Interval estimation: constructing a range to which the unknown value is expected to belong

Hypothesis Testing

Hypothesis tests evaluate specific claims against evidence from data. Hypothesis testing can be split into four stages.

Making a claim - usually a “yes or no” question asking if something has changed from a previous belief (status quo)

Gathering evidence through experiment

Assessing the likelihood - does the evidence support the claim?

Making a conclusion

diagram of hypothesis test — Fig. 1.4 Hypothesis testing

Regardless of the branch, statistical inference always involves the following key elements.

Assumption validation: Most inference methods are constructed under a set of assumptions about the data-generating population. They must be verified for each dataset to ensure reliablity of the inference results.
Uncertainty quantification: The core of statistical inference is the ability to draw conclusions in the face of uncertainty and to numerically express the degree of confidence in the result.

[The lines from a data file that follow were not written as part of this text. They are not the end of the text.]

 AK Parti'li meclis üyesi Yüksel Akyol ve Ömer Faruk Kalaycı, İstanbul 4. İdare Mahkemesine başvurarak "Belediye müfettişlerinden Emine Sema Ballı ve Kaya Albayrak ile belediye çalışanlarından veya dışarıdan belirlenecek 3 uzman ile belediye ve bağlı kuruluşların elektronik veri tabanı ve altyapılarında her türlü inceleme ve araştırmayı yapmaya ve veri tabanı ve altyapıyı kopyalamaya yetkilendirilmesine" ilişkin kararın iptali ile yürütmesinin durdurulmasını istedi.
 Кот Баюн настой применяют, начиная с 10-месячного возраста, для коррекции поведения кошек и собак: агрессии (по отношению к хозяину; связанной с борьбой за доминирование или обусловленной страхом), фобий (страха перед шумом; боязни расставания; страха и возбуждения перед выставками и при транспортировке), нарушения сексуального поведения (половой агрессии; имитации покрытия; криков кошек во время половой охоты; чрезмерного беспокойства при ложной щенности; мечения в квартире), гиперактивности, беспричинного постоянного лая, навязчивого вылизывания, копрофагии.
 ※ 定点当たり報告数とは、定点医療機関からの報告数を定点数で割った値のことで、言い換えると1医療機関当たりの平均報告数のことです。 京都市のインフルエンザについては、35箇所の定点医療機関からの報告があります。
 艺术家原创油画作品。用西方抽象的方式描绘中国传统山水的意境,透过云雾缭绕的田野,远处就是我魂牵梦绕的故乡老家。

Connection to future chapters

Foundations of parameter estimation and hypothesis testing will be covered in Chapters 9 and 10, respectively. Both will remain relevant for various inference scenarios in Chapters 11-13.

D. Predictive Analytics

Rather than understanding current data, predictive analytics focuses on what might happen next. Predictive analytics often requires large datasets as it relies on patterns and relationships identified in historical data to predict future events. Key elements of predictive analytics are:

Modeling of variable relationships: Structuralize the relationship between two or more variables. Use this structure as a tool for making predictions. This model can be as simple as a linear pattern, or as complex as a deep neural network.
Prediction: Make educated guesses on unobserved values based on the identified model and the individual’s observed characteristics.

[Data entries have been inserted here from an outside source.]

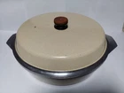 Will ship fast and protected. See photos for exact condition. Cleaned/sanitized and in good condition for its age. Chipping on the lid looks more like a manufacturer defect than damage from a ding because the enamel doesn't have jagged edges. The Kitchen Fair KF Cast Aluminum Double Handle Skillet is a vintage 14" yellow skillet with a lid, perfect for cooking on electric or gas stoves. This set includes a pot and lid, featuring a double handle design for easy transportation. Made of aluminum, this casserole pan/pot is an original piece from the brand KF, adding a unique touch to any kitchen collection.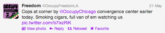 One of the best things about this whole Chicago odyssey had been the opportunity to meet friends in real life whom I’d previously been conversing with exclusively online. This phenomenon seemed to be universal among the protesters that had gathered in the city. Consequently, over the past few days, at marches, rallies, and at the Occupy Chicago Convergence Center, Twitter handles seemed to be more ubiquitous than names.
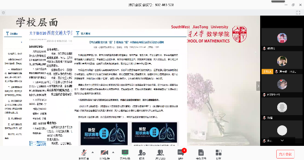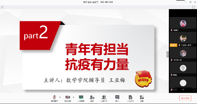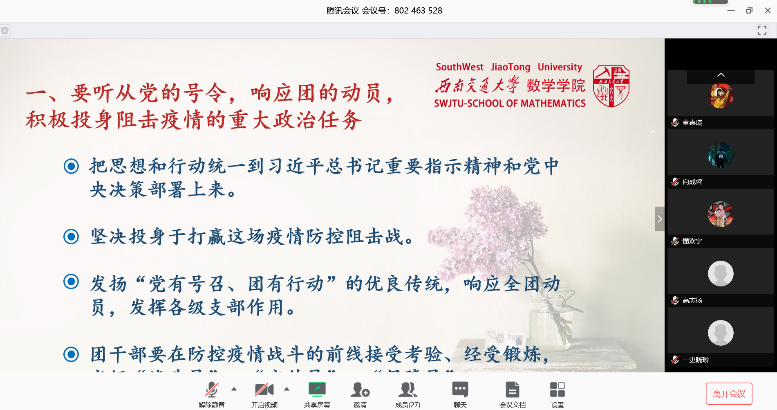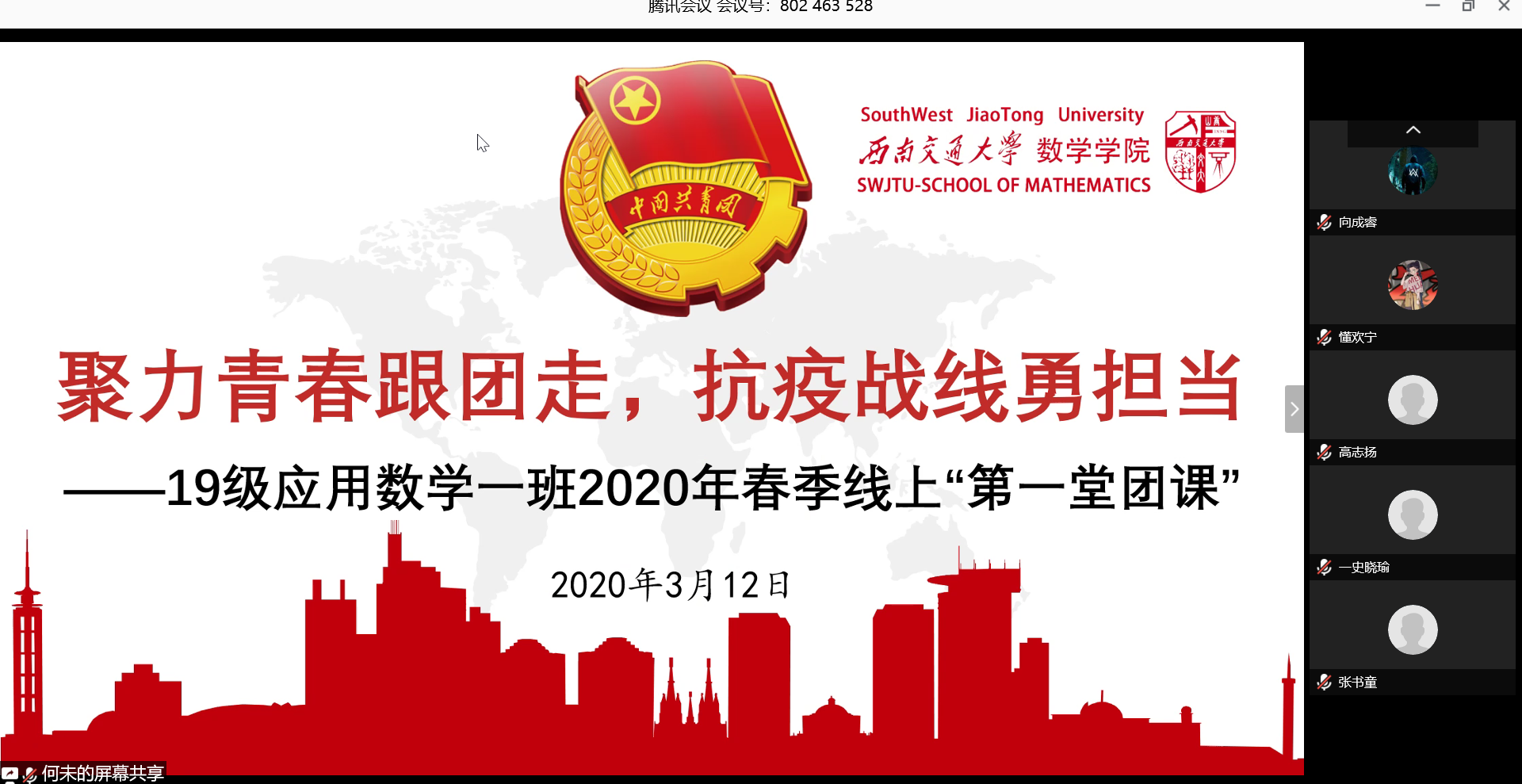 疫情当下,开学延迟。为响应公司团委号召,太阳集团tcy8722数学与应用数学2019级1班团支部全体团员在团支书冯玉的带领下,参加了以“聚力青春跟团走,抗疫战线勇担当”为主题的2020年春季线上第一堂团课。2019级辅导员王亚梅,团委组织部部长林玉受邀参加,并做团课分享。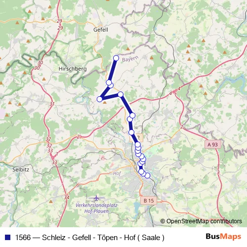 Click here to view the nearest 1566 - Schleiz - Gefell - Töpen - Hof ( Saale ) bus stop.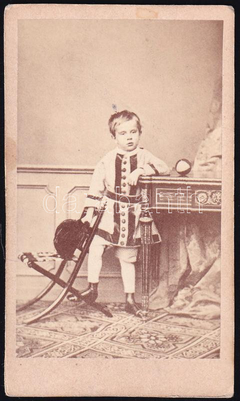 Leírás: cca 1860-1870 Rudolf főherceg gyerekkori portréja, keményhátú fotó, vizitkártya, 10,5x6 cm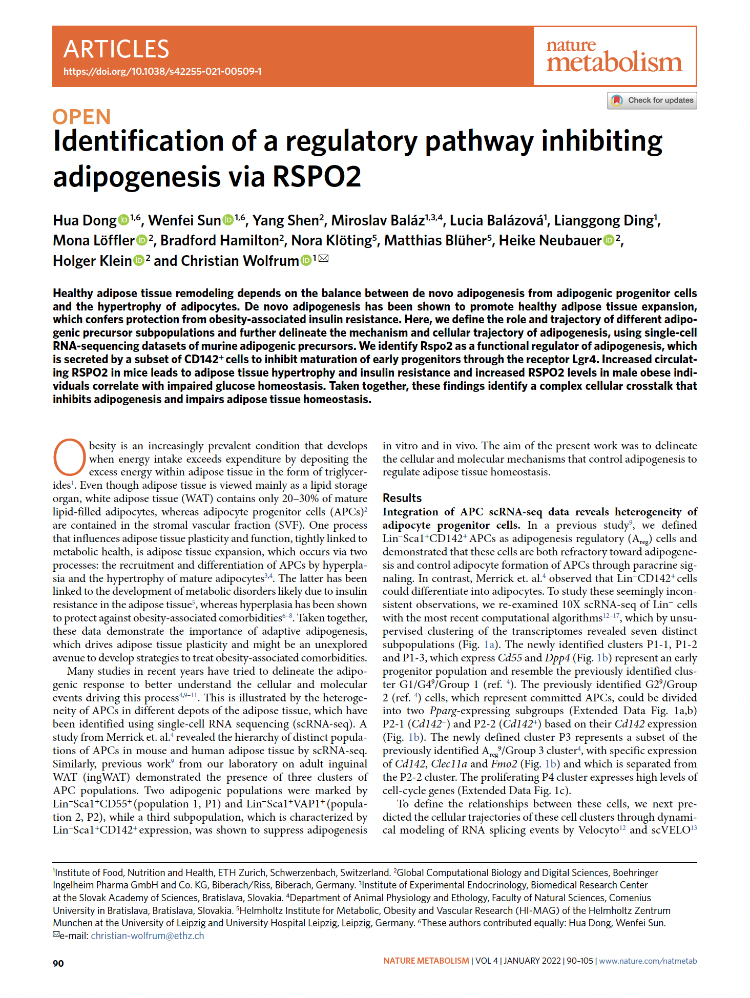 Hua Dong *, Wenfei Sun *, Yang Shen, Miroslav Baláz, Lucia Balázová, Lianggong Ding, Mona Löffler, Bradford Hamilton, Nora Klöting, Matthias Blüher, Heike Neubauer, Holger Klein, Christian Wolfrum

Connection to future chapters

We’ll touch on predictive methods primarily through linear regression, in Chapter 13.

1.1.2. Course Goals: Growing as a Competent Statistician

Having explored what statistics is, let’s consider who practices it. The American Statistical Association defines a statistician as

“a person who applies statistical thinking and methods to a wide variety of scientific, social, and business endeavors.”

This broad definition encompasses professionals working across diverse fields—astronomy, biology, education, economics, engineering, genetics, and many others. This course aims to develop your statistical abilities across three progressively sophisticated levels:

Statistical Literacy

At the most fundamental level, statistical literacy includes:

Understanding basic data management principles

Exploring data effectively through visual and numerical methods

Comprehending the vocabulary and notation statisticians use

Grasping how probability serves as the framework for measuring uncertainty

Recognizing when particular statistical methods are appropriate

Statistical literacy allows you to read and understand statistical information—the minimum required to be an informed consumer of research and data-based claims.

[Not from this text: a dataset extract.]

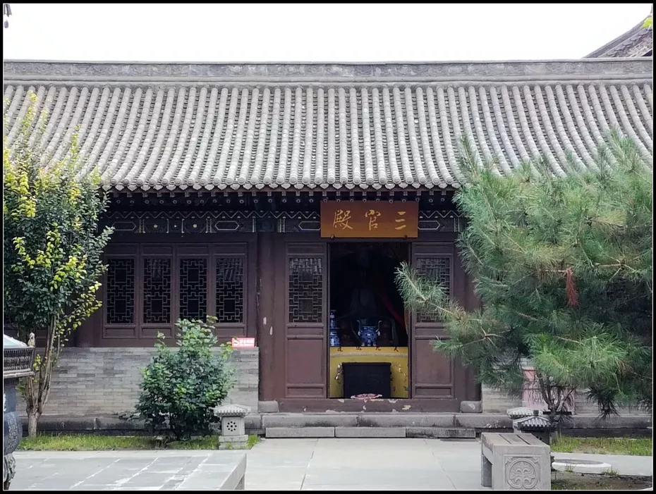 三官殿供上元天官(聯(lián)云:天官地官水官只在心官不昩,求福賜福護福務須積福為先),中元地官(聯(lián)云:瑞草齊開日,際地官之考釋;桂花將綻月,當少昊之司權。)下元水官(聯(lián)云:鋪天地、掌機衡,赫赫因被六合;握乾坤、司坎離,昭昭應九霄。)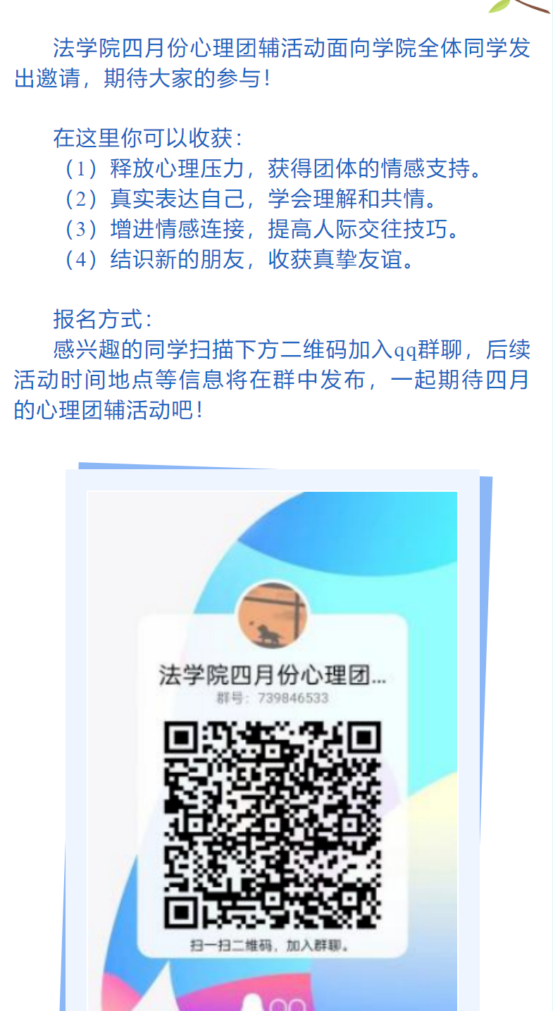 为促进学院心理委员间的熟悉与交流,提升心理委员团队的协作能力,更好地发挥其协助学院二级心理辅导站组织开展心理健康教育活动的重要作用,3月25日,学院邀请到校心理健康教育指导中心房津如老师在开云kaiyun官网505教室为21、22级心理委员开展团辅活动。

diagram of three stages of statistical competence

Statistical Reasoning

Moving beyond literacy, statistical reasoning involves:

Applying statistical tools effectively to answer specific questions

Interpreting results correctly within their proper context

Communicating findings clearly to various stakeholders

With statistical reasoning skills, you can actively engage with data analysis rather than simply consuming others’ conclusions.

Statistical Thinking

The most sophisticated level, statistical thinking encompasses:

Understanding how statistical models represent and simulate real-world phenomena

Selecting appropriate inferential tools for specific analytical situations

Seeing the entire pipeline from data collection through analysis to interpretation

Being able to design studies and experiments.

Statistical thinking represents the mindset of a practitioner who can navigate the entire statistical process independently.

While developing complete statistical thinking extends beyond a single course, by semester’s end, you should achieve statistical literacy and begin developing reasoning skills. These capabilities will serve you well regardless of your career path, enhancing your ability to make decisions in our data-rich world.